# Equipment Available?? NW Burbs Chicago??



## SNOW DEPARTMENT (Nov 14, 2009)

I'm working on some last minute properties in the NW suburbs. Please reply with a list of the equipment you have AVAILABLE. I'll have more details as they become available. Insured, Experienced, with References only!

Thank U


----------



## JaimeG (Jan 25, 2009)

Do you have an email?


----------



## Mdwstsnow512 (Dec 30, 2007)

Equipment i currently have without work

2 trucks with 8 ft blades and tailgate spreaders
1 truck with a 8'6" blade and 8' v-box

4 skidloaders- blades, buckets, and boxes available for all

2 - 2.5 yd loaders currently bucket only but easily fixed

10- laborers sidewalk guys

Service all of N. IL and southern WI

2 mil. GL & GA policy, WC. about a gizillion refernces.

contracts didnt all pan out.

thanks 
Nate
Kesteleyn, Inc
[email protected]


----------



## JaimeG (Jan 25, 2009)

I have a 2005 John Deere 325 with an 8ft pusher, and a 2008 John Deere 325 with an 8 ft plow with wings. Fully insured.


----------



## Dissociative (Feb 28, 2007)

2004 F-350 8' proplus and salter. hinged backdrag edge..the heavy hitter...6.0 DIESEL
1996 F-150 7'6" and salter. hinged backdrag edge.....the nimble cleaner..small and fast. 
ground crew possibilities.

2 MIL GL and commercial auto 100/300 on all....
GPS navigation on both trucks with live laptop radar feed also....
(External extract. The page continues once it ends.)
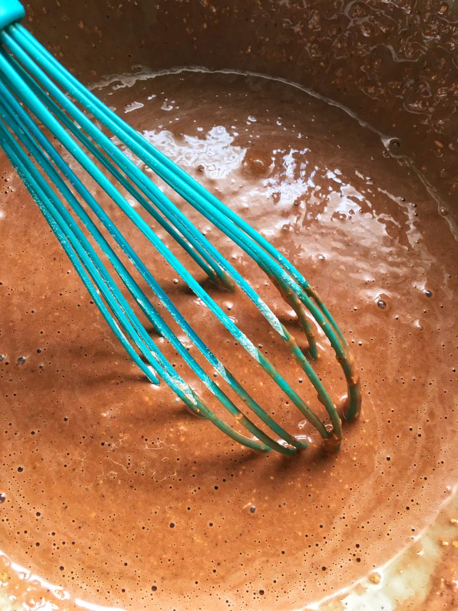 2. Mezcla leche, huevo, vainilla y azúcar. Agrega poco a poco a los ingredientes secos y une bien.

Experienced in running multiple sites with upwards of 20 pieces of equipment,and route managing multiple drivers. 
Several professional references available. 

Father Son team with over 45years experience. 

All equipment in 90% new shape. Fully lighted and professional.

Digital cameras in both trucks ready if needed also. 



same story.......several irons in the fire with lots of cold feet.


----------



## SNOW DEPARTMENT (Nov 14, 2009)

*Thanks*

Thanks for the replies. Looks like I have an "inside track" on a few propeties. I am meeting with my contacts early nexy week. I hope to have more info midweek.


----------



## JazyT (Oct 21, 2009)

2002 Chevy 2500HD, 7'6" western with wings, all insurances, GPS in truck, cell phone, coffee thermos.


----------